Hello again, world! part 2
Almost seven years, however, I decided to go back home–under not so-pleasant circumstances. Looking back, I’d say it was clinical depression that did me in. I think it started after I had two major surgeries to deal with my gallstones and a protracted recovery that almost led to a third surgery. I felt I lost more than my gall bladder in the ordeal–I don’t know. I’d rather not dwell on it.
Before I finally reached home, however, in a period of self-destruction, I burned a lot of bridges–professional and personal. To this day, I haven’t addressed this thoroughly. I regret having done it to colleagues who had been good to me, to persons who’d been very supportive to me, and to friends who took me in without question when I was feeling un-well already. Still, there are some connections I don’t regret losing because I had proven they were, at best–fair-weathered friends.

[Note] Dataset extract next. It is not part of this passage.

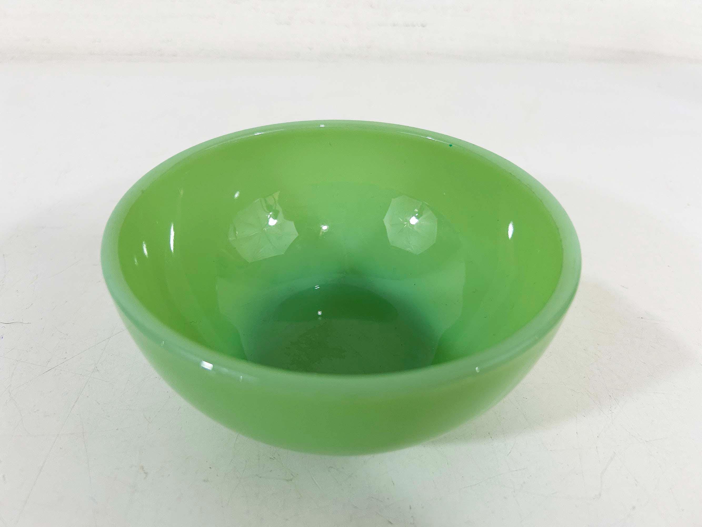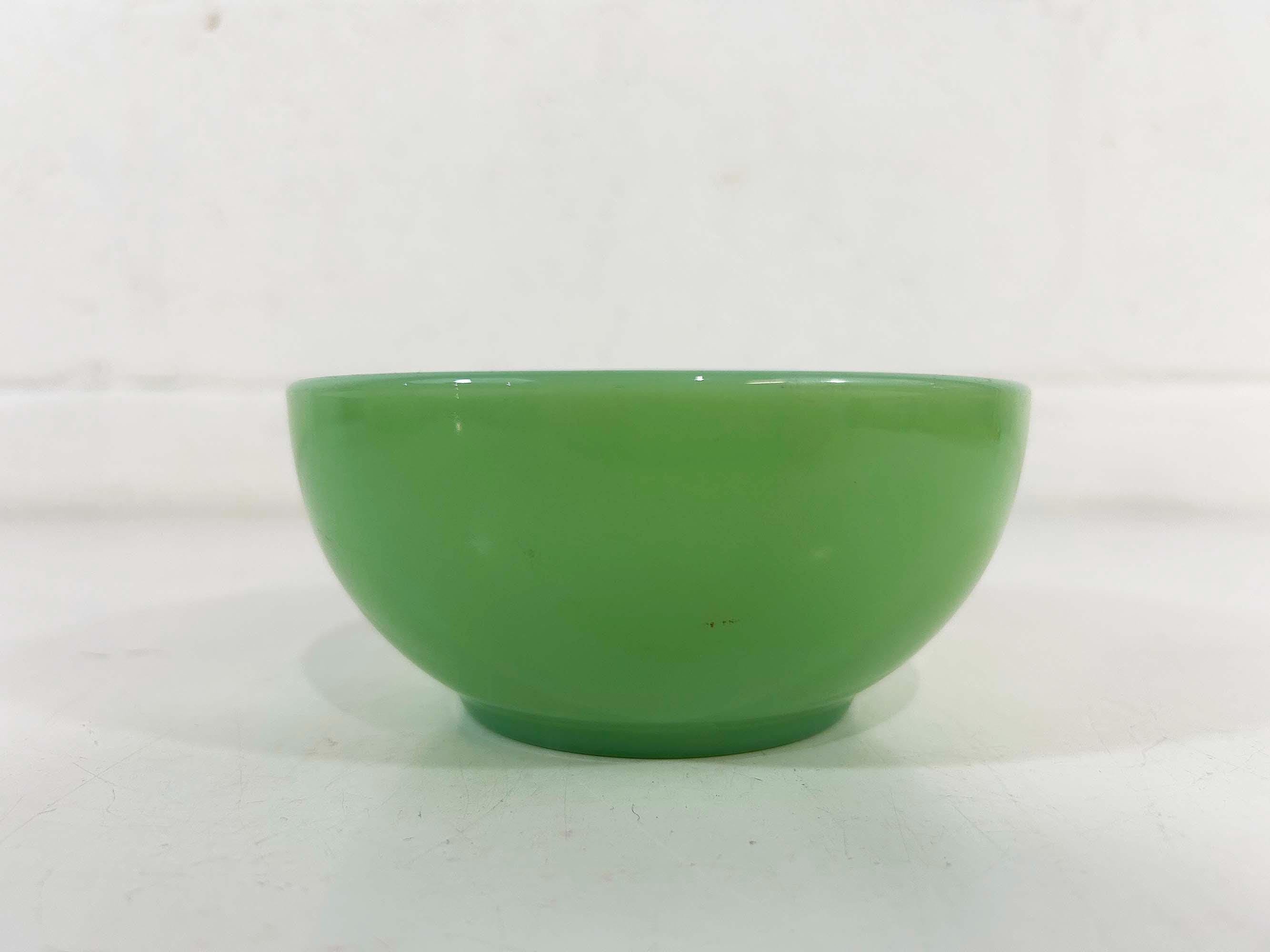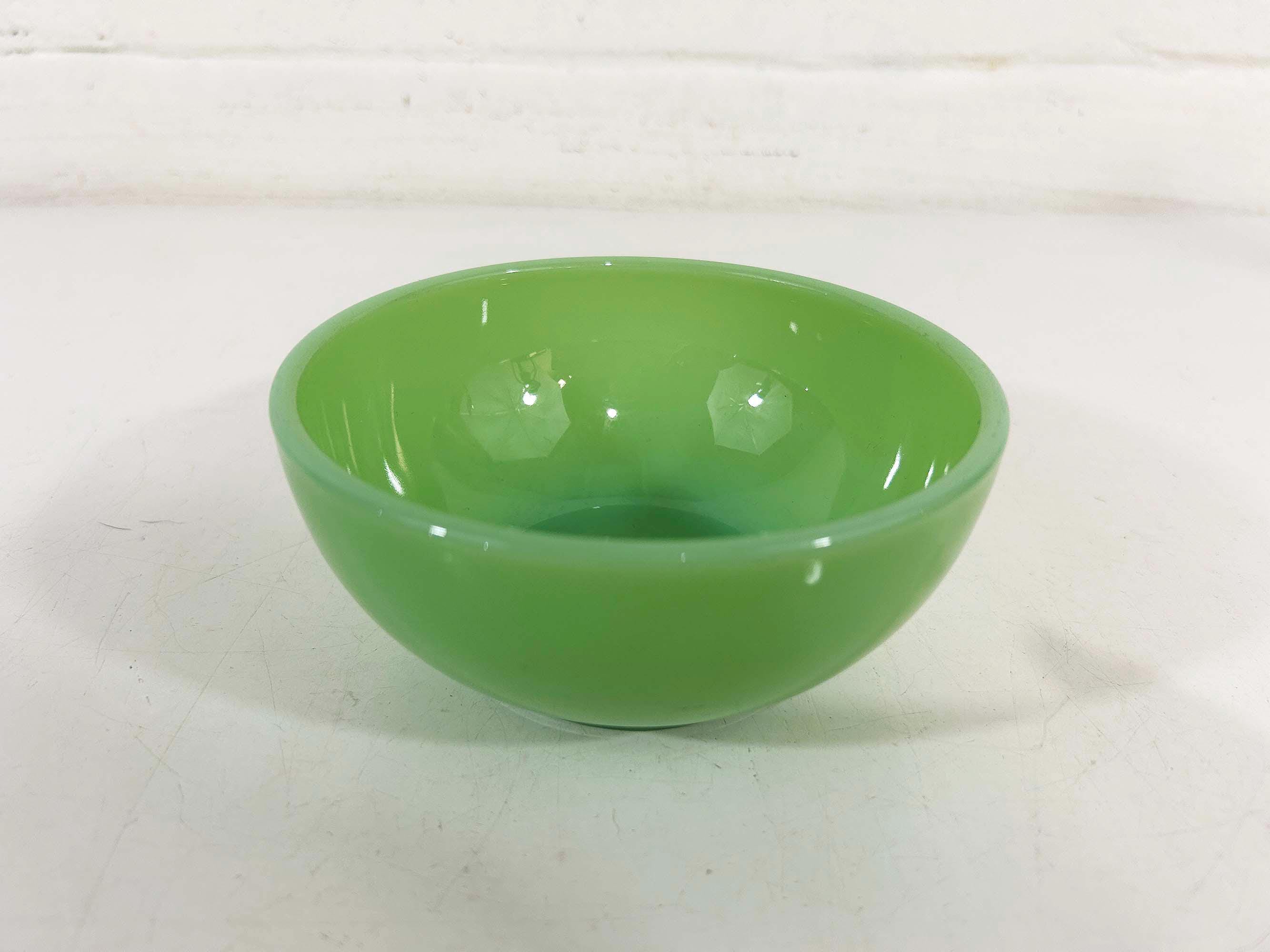 Pretty jadeite Fire King small berry bowl. It is in excellent shape with no significant flaws. It is approximately 2 1/4 inches tall and 4 3/4 inches in diameter across the top.

After arriving, I didn’t step out of our house for almost 10 weeks. I only did when I had absolutely no choice; I had to select the coffin for my father who succumbed to end-stage renal disease. So, the secret was out: I had returned. The grief led me to further wallow in my misery. Christmas that year was hell. And it took me a few months to push myself to enroll in graduate school even if I felt half-ready to go back to school. I thought school work would somehow distract me from my depression.
I wish. By the time I went back to school I think I had actually become bigger than when I arrived. The commute from home to school fatigued me so much that I spent the first 5 minutes of my arrival at school inside a toilet cubicle to catch my breath and wipe the sweat from my face and arms. And who knew school work could be so traumatic? The 18 years between undergrad and grad school certainly didn’t help me. Add to this the intimidating culture of my school.
It seemed that I spent the entire first semester coping with the physical, psychological, and intellectual challenges of grad school. I mean, my grades sucked! I had never received grades this low in my previous life! I wasn’t faring well, socially, either. My classmates were friendly enough. However, I found it hard to trust people–after everything that happened.
In spite of myself, I was able to make a few friends while in grad school. I have chosen to stay behind–with one course to take on the summer term before I can finish my course. Some of my new friends finished their courses this year. Some others will be with me in the end.
And now, in the lull between school, I slowly find my way back to work. I take on few projects–only the ones that do not frighten me for one reason or another. I have taken steps to deal with my obesity. I’m reading books again. Writing, as well. And on some nights, I allow myself to remember good memories of my life in Cambodia.